### Exercise data
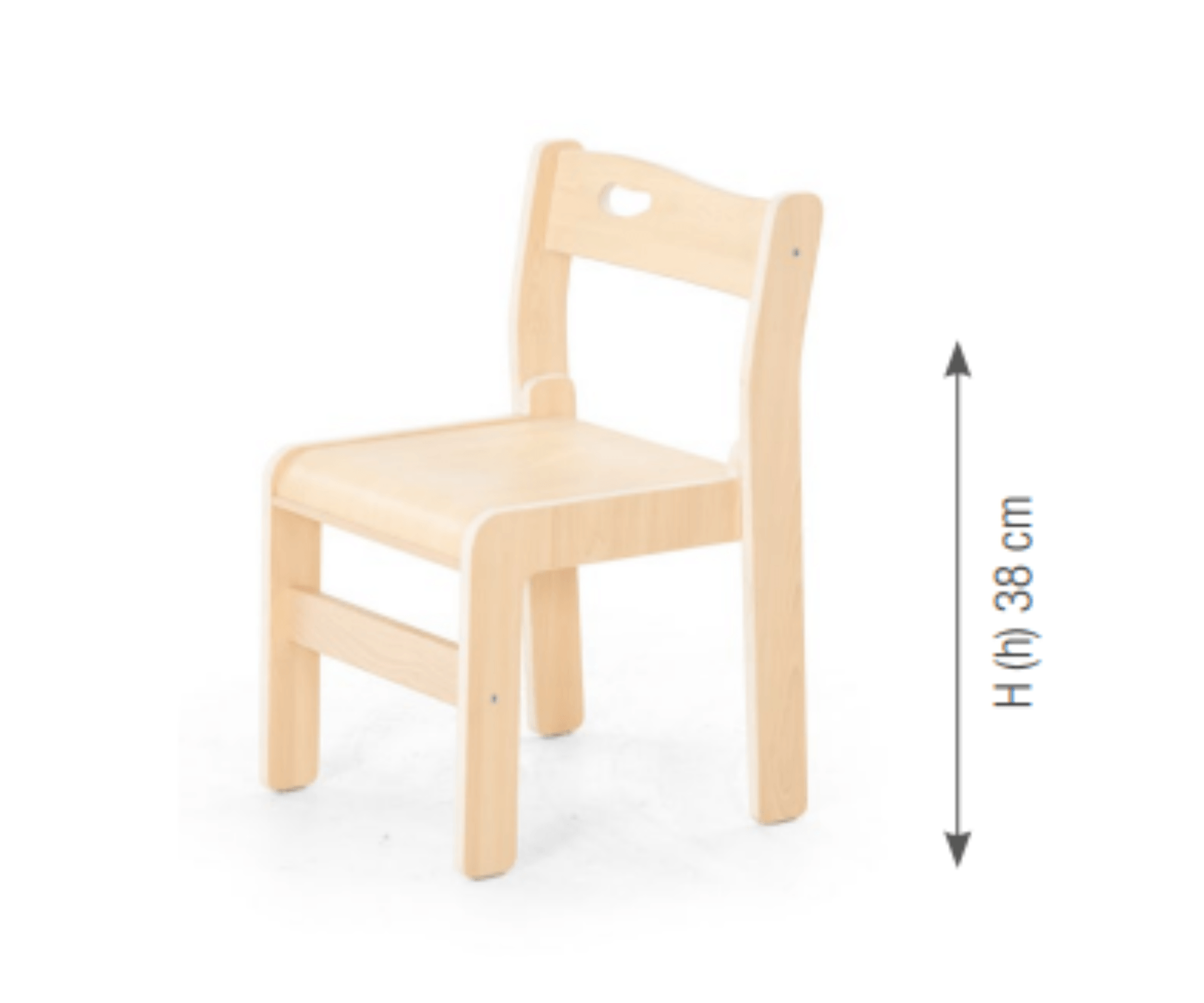 Avec une hauteur d’assise de 38 cm, cette chaise s’adapte parfaitement aux besoins des jeunes enfants et favorise une posture confortable durant les activités en classe ou en crèche.
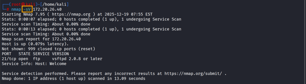 -sV parametresi bize açık portların arkasında hangi servis ve sürümlerin çalıştığının verir.
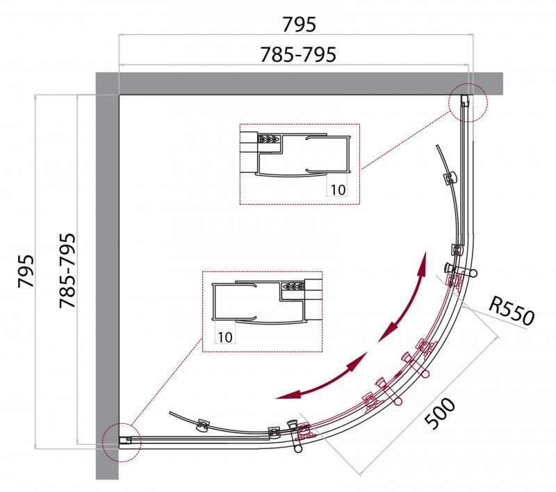 Регулировка ширины: предусмотрена за счет боковых профилей
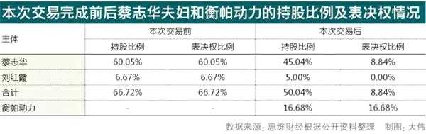公司創(chuàng)始人蔡志華夫婦在本次交易完成前,共持有公司66.72%的股份及相應(yīng)的表決權(quán)。轉(zhuǎn)讓給衡帕動力16.68%的公司股份和放棄41.20%股份的表決權(quán)之后,蔡志華夫婦仍擁有公司50.04%的股份和8.84%表決權(quán),而衡帕動力則因?yàn)閾碛?6.68%的表決權(quán)而成為單一擁有公司股份表決權(quán)份額最大的股東,由于公司其他股東的持股比例均未超過5%,衡帕動力能夠?qū)镜墓蓶|大會決議產(chǎn)生重大影響。

### What the task asks
Give back every line of the material exactly as written, but not the pictures.

### Solution to this problem
 Avec une hauteur d’assise de 38 cm, cette chaise s’adapte parfaitement aux besoins des jeunes enfants et favorise une posture confortable durant les activités en classe ou en crèche.
 -sV parametresi bize açık portların arkasında hangi servis ve sürümlerin çalıştığının verir.
 Регулировка ширины: предусмотрена за счет боковых профилей
公司創(chuàng)始人蔡志華夫婦在本次交易完成前,共持有公司66.72%的股份及相應(yīng)的表決權(quán)。轉(zhuǎn)讓給衡帕動力16.68%的公司股份和放棄41.20%股份的表決權(quán)之后,蔡志華夫婦仍擁有公司50.04%的股份和8.84%表決權(quán),而衡帕動力則因?yàn)閾碛?6.68%的表決權(quán)而成為單一擁有公司股份表決權(quán)份額最大的股東,由于公司其他股東的持股比例均未超過5%,衡帕動力能夠?qū)镜墓蓶|大會決議產(chǎn)生重大影響。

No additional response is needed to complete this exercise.